Make sure your tire is inflated...actually over inflated...but that's the way us old school guys do it!


----------



## dougfisk (Apr 13, 2013)

Walker said:
			
		

> Here's a bump for ya.  Pretty sure this is the tool you are looking for.  Sorry though, cant part with mine but I'll keep my eyes open




YES! - that is one of them.  I think they have been sold under ID# Park FCG-1, Park FT-4, and VAR 478.  I have about 20 bent forks and I need this!!


----------



## John (Apr 14, 2013)

You can do it like this.
http://www.youtube.com/watch?v=4q7LmVSgIPk

Or I am making a few and can trade for parts.
John


----------



## sm2501 (Apr 14, 2013)

John said:


> You can do it like this.
> http://www.youtube.com/watch?v=4q7LmVSgIPk
> 
> Or I am making a few and can trade for parts.
> John




I had a set of cranks that were out of sync so i ran over them with my truck and straightened them right out!


----------



## aasmitty757 (Apr 14, 2013)

*Park Tool*

This style is still available, but it is not as good as the one you are looing for. Not my listing.

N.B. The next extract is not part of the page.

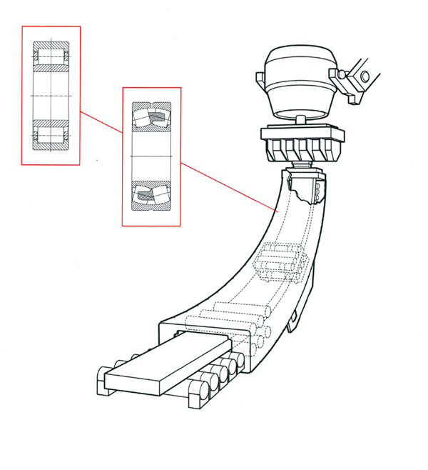 在冶金行業(yè),產(chǎn)品主要應(yīng)用于連鑄機、熱軋前后及加熱爐的運送輥道等。針對連鑄機在高溫、重載、重污染的工況條件下連續(xù)工作的應(yīng)用特點,開發(fā)了專用于連鑄機的系列產(chǎn)品,主要應(yīng)用于結(jié)晶器振動裝置、扇形段及冷卻段板坯輸送輥道,并已在國內(nèi)外多家鋼廠的新生產(chǎn)線上成功運行。也是鋼鐵生產(chǎn)企業(yè)的日常維修軸承的重要供應(yīng)商,產(chǎn)品廣泛應(yīng)用于齒輪箱、風(fēng)機及輸送輥道等。

http://www.ebay.com/itm/Park-Tool-F...254?pt=LH_DefaultDomain_0&hash=item1c31644d46


----------



## pedal4416 (Apr 14, 2013)

aasmitty757 said:


> This style is still available, but it is not as good as the one you are looing for. Not my listing.
> 
> http://www.ebay.com/itm/Park-Tool-F...254?pt=LH_DefaultDomain_0&hash=item1c31644d46




That tools used to bend the fork once its in the alignment tool.

I may have an extra park FT-4, ill take a look.


----------